* _Task directions_
Each line of the data must be given back verbatim, with pictures removed.

* _Data extract_

★ ★ ★

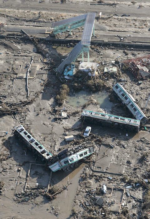 3.11津波直後の新地駅(産経新聞より)
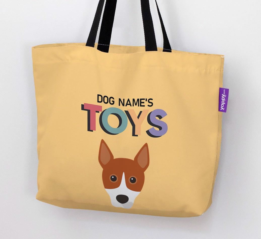 Don’t worry, we’ve got you covered with this pawsonalized canvas bag made for your Basenji’s toy collection!
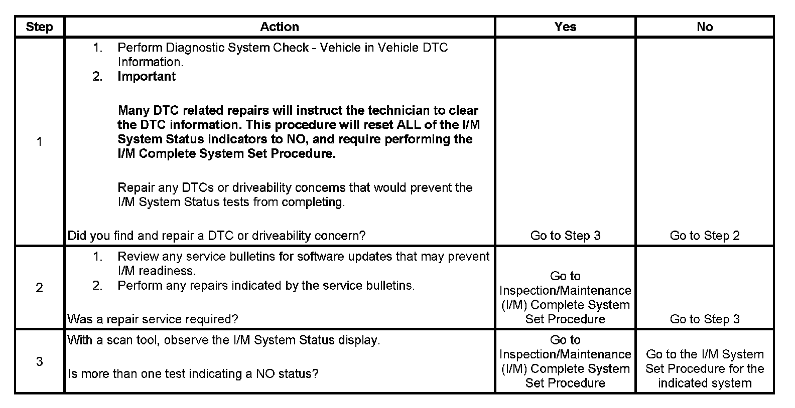 1. Any DTCs set, even those that are not listed in the Inspection/Maintenance System DTC Table, may prevent the required DTCs from running. If there is any question as to whether a set DTC is disabling the required I/M diagnostic, review the Conditions for Running in the diagnostic procedures for the DTC required by the I/M diagnostic. A list of disabling DTCs, if applicable, is contained in the supporting text for that DTC.
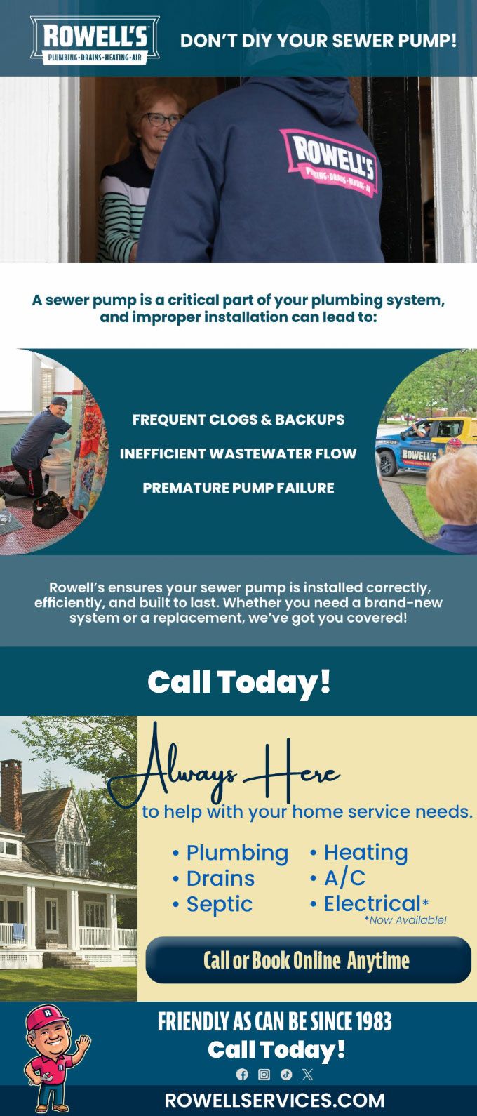 "Friendly As Can Be Since 1983!" When you need help with your plumbing, drains, heating, cooling or electrical in Hollis, you can always rely on Rowell's Services! Call us now or book online!
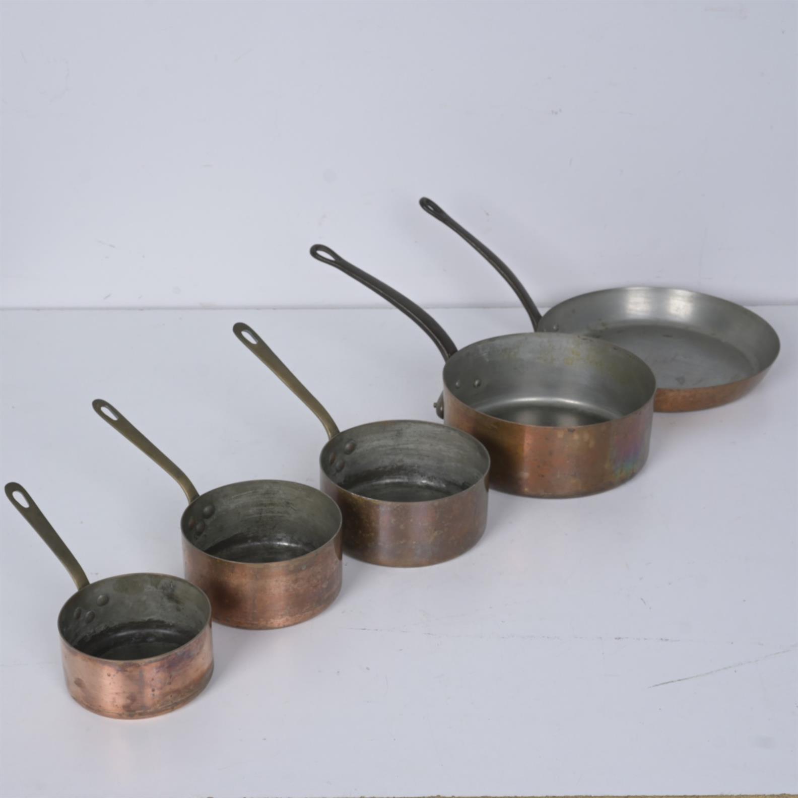 A COLLECTION OF FIVE FRENCH COPPER POTS (28CM DIA LARGEST)
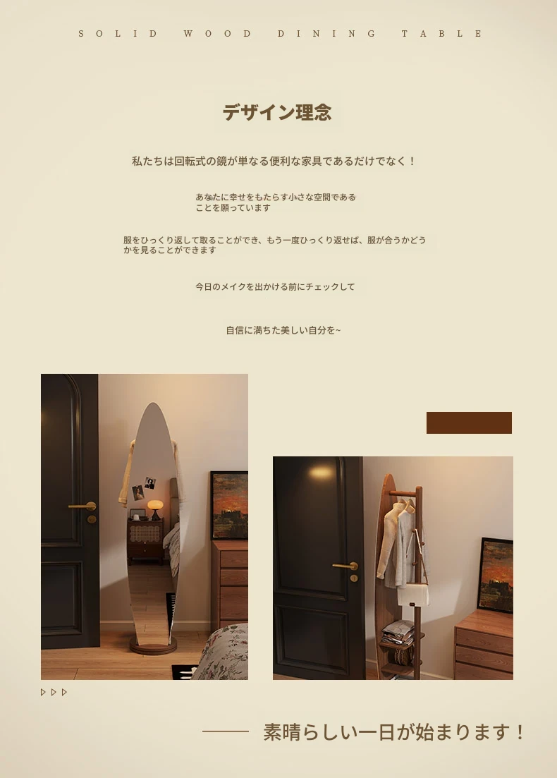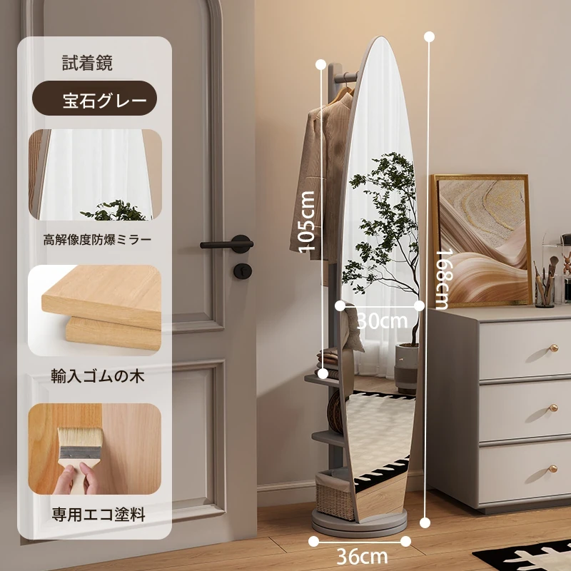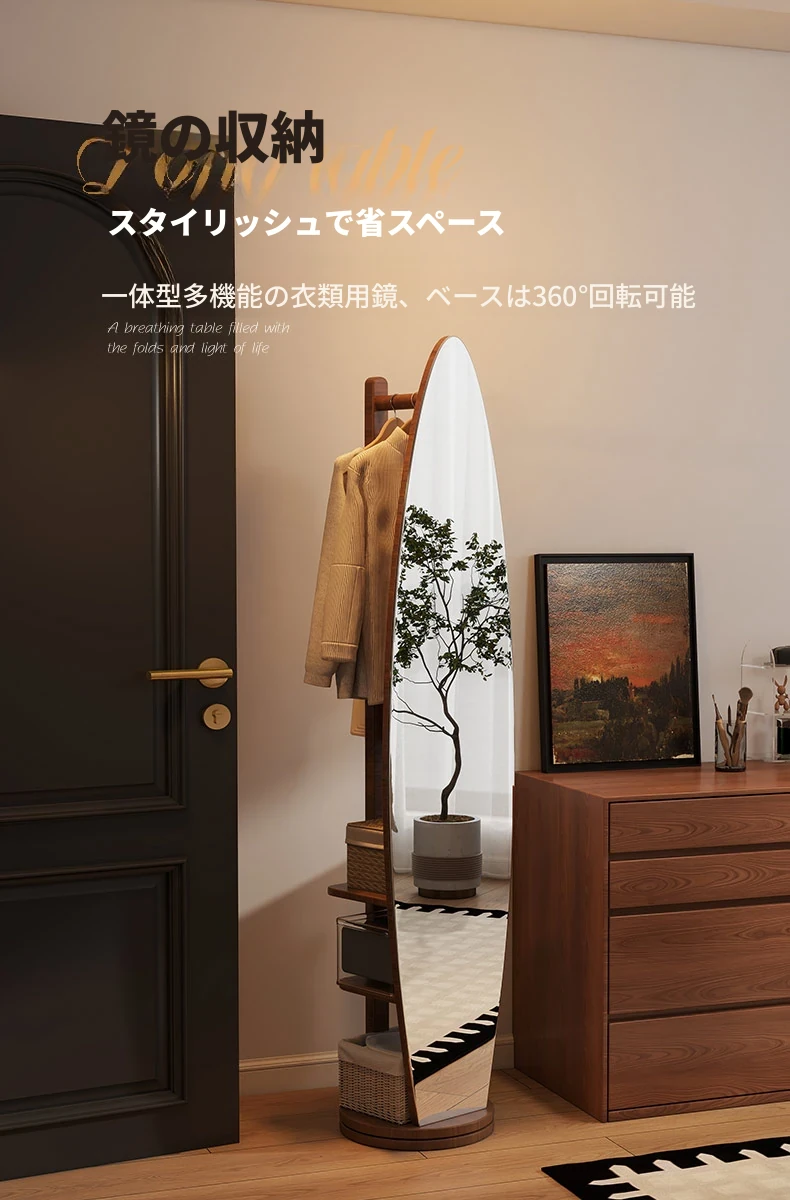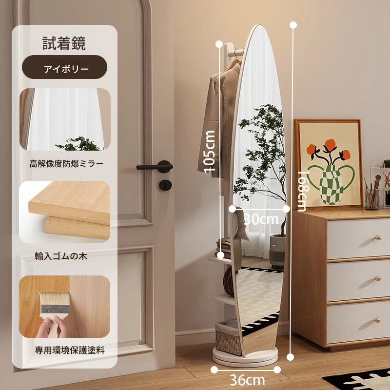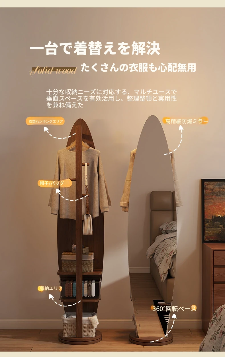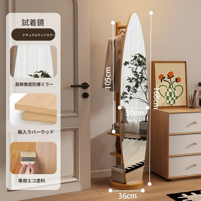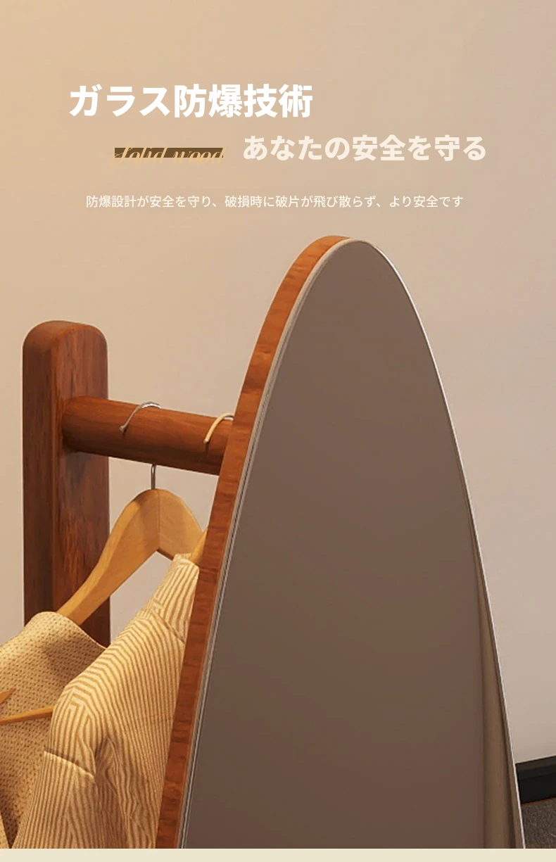 全身鏡とハンガーラックが一体化!シンプルで機能的な木製フロアミラー、あなたの寝室をおしゃれに演出。試着も楽々、衣類の収納にも最適!

★ ★ ★

* _Reply_
 3.11津波直後の新地駅(産経新聞より)
 Don’t worry, we’ve got you covered with this pawsonalized canvas bag made for your Basenji’s toy collection!
 1. Any DTCs set, even those that are not listed in the Inspection/Maintenance System DTC Table, may prevent the required DTCs from running. If there is any question as to whether a set DTC is disabling the required I/M diagnostic, review the Conditions for Running in the diagnostic procedures for the DTC required by the I/M diagnostic. A list of disabling DTCs, if applicable, is contained in the supporting text for that DTC.
 "Friendly As Can Be Since 1983!" When you need help with your plumbing, drains, heating, cooling or electrical in Hollis, you can always rely on Rowell's Services! Call us now or book online!
 A COLLECTION OF FIVE FRENCH COPPER POTS (28CM DIA LARGEST)
 全身鏡とハンガーラックが一体化!シンプルで機能的な木製フロアミラー、あなたの寝室をおしゃれに演出。試着も楽々、衣類の収納にも最適!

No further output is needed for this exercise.